Give the listing back in full, exactly as written, with the pictures removed.
Start of Supplied material
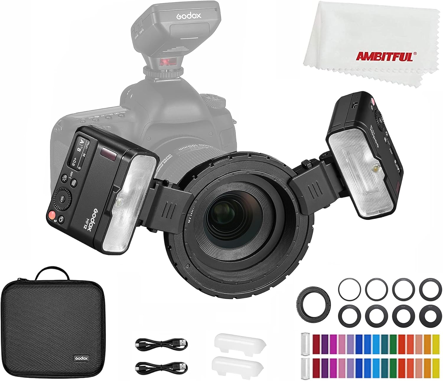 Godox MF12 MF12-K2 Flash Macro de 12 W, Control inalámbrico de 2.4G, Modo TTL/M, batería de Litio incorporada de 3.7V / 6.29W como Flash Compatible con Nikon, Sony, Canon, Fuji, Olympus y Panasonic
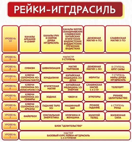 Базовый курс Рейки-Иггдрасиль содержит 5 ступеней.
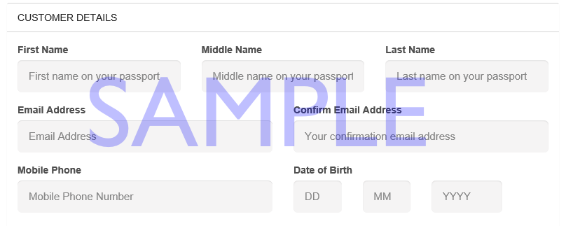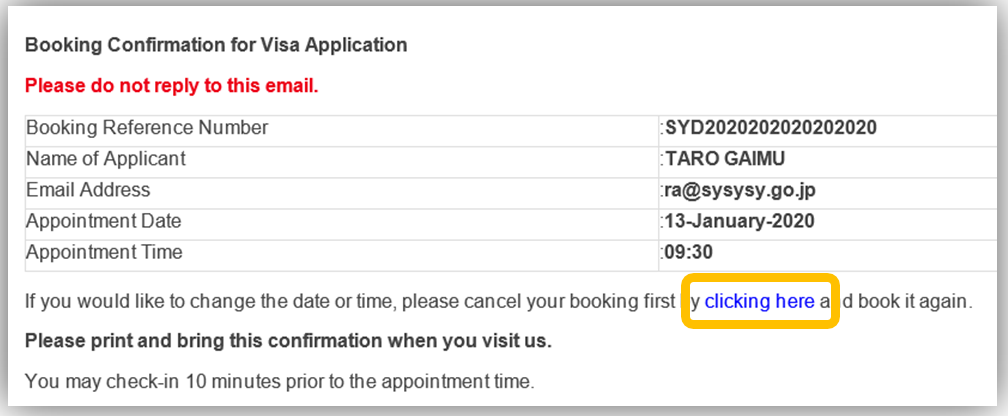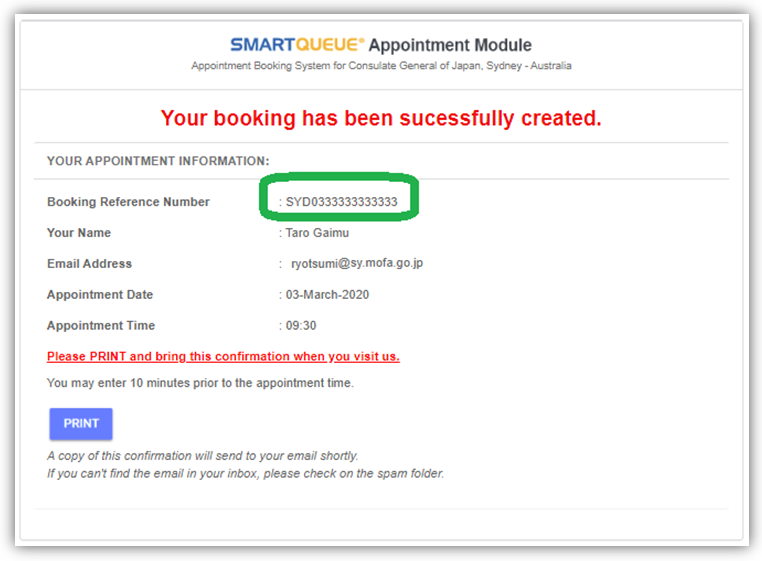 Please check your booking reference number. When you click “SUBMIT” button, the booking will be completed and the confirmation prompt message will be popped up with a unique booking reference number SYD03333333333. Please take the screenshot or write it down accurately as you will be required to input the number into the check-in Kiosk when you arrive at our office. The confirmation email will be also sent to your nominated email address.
End of Supplied material
*Solution for this problem:*
 Godox MF12 MF12-K2 Flash Macro de 12 W, Control inalámbrico de 2.4G, Modo TTL/M, batería de Litio incorporada de 3.7V / 6.29W como Flash Compatible con Nikon, Sony, Canon, Fuji, Olympus y Panasonic
 Базовый курс Рейки-Иггдрасиль содержит 5 ступеней.
 Please check your booking reference number. When you click “SUBMIT” button, the booking will be completed and the confirmation prompt message will be popped up with a unique booking reference number SYD03333333333. Please take the screenshot or write it down accurately as you will be required to input the number into the check-in Kiosk when you arrive at our office. The confirmation email will be also sent to your nominated email address.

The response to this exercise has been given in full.